━━ Record set

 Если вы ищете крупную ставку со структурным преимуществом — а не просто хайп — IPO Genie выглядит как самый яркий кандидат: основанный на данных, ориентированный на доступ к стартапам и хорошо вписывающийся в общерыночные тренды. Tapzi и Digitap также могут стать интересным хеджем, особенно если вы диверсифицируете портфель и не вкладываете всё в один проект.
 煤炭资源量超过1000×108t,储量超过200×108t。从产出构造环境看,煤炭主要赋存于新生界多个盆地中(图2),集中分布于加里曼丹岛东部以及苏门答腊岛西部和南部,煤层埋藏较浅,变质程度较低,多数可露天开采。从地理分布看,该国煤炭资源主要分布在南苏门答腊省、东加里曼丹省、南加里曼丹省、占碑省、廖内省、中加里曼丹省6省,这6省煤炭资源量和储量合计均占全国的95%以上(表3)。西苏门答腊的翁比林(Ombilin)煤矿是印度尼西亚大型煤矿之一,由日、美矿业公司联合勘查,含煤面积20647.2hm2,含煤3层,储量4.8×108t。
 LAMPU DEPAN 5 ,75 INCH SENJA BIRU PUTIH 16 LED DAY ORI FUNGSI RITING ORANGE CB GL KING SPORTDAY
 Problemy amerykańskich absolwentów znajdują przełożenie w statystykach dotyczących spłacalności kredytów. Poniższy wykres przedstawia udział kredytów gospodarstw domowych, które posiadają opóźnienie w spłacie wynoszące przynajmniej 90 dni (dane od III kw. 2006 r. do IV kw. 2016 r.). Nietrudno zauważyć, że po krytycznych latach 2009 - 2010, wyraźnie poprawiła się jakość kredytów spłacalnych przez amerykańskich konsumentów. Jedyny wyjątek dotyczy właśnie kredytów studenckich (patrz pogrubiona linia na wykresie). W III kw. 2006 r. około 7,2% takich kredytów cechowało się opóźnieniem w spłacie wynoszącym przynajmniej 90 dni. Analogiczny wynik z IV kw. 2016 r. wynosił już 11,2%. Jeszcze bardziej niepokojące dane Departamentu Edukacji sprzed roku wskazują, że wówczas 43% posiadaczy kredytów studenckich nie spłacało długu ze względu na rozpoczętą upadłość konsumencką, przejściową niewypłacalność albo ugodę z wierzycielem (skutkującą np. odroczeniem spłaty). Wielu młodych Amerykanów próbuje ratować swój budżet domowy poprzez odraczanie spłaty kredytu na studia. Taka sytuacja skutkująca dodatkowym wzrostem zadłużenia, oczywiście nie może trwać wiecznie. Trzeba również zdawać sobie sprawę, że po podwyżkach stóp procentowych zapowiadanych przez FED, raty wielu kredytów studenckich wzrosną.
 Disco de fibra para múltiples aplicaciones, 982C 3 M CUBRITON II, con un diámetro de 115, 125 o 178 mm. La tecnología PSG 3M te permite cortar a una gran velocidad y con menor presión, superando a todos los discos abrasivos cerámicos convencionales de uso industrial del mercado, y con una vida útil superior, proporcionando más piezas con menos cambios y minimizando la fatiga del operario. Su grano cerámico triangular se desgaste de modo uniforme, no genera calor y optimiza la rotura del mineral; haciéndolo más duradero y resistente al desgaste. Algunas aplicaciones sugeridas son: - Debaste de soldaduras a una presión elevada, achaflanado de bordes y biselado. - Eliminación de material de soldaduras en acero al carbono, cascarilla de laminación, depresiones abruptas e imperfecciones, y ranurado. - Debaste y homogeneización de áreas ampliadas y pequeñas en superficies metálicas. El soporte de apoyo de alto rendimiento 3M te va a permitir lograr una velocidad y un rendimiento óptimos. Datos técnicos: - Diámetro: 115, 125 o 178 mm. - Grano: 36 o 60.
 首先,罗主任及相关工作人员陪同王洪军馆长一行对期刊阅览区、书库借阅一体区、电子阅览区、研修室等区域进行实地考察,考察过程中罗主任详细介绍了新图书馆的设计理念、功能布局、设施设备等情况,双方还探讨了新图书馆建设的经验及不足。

━━━━
━━ Record set

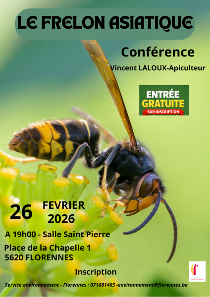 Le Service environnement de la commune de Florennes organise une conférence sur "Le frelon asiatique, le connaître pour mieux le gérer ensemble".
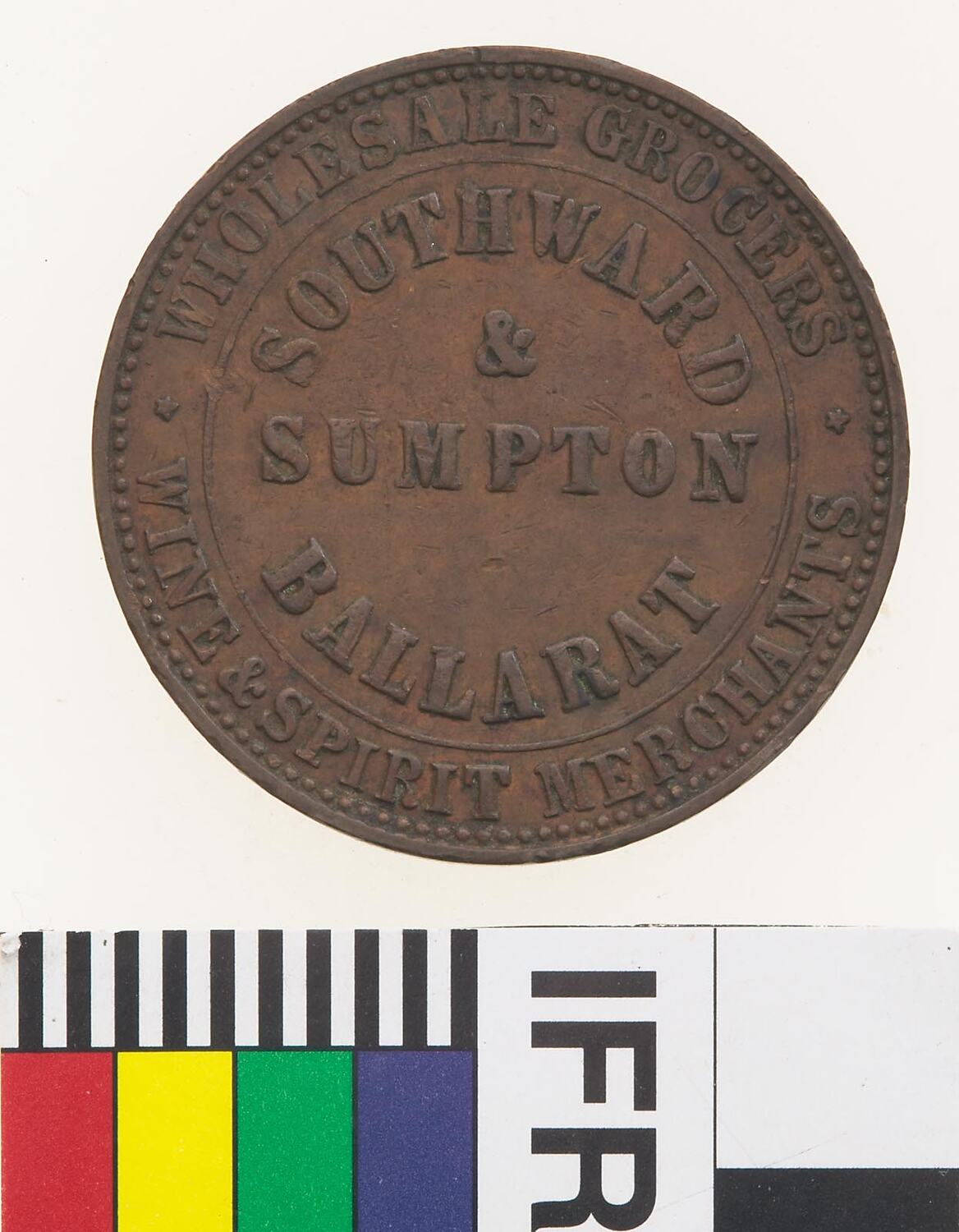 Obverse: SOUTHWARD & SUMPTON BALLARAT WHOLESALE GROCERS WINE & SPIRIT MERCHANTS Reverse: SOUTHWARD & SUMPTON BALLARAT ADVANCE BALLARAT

━━━━

• _Exercise prompt_
Beginning at the line above that contains "煤炭资源量超过1000×10", return each line exactly through the line that contains "LAMPU DEPAN 5", and no others.

• _Output below_
 煤炭资源量超过1000×108t,储量超过200×108t。从产出构造环境看,煤炭主要赋存于新生界多个盆地中(图2),集中分布于加里曼丹岛东部以及苏门答腊岛西部和南部,煤层埋藏较浅,变质程度较低,多数可露天开采。从地理分布看,该国煤炭资源主要分布在南苏门答腊省、东加里曼丹省、南加里曼丹省、占碑省、廖内省、中加里曼丹省6省,这6省煤炭资源量和储量合计均占全国的95%以上(表3)。西苏门答腊的翁比林(Ombilin)煤矿是印度尼西亚大型煤矿之一,由日、美矿业公司联合勘查,含煤面积20647.2hm2,含煤3层,储量4.8×108t。
 LAMPU DEPAN 5 ,75 INCH SENJA BIRU PUTIH 16 LED DAY ORI FUNGSI RITING ORANGE CB GL KING SPORTDAY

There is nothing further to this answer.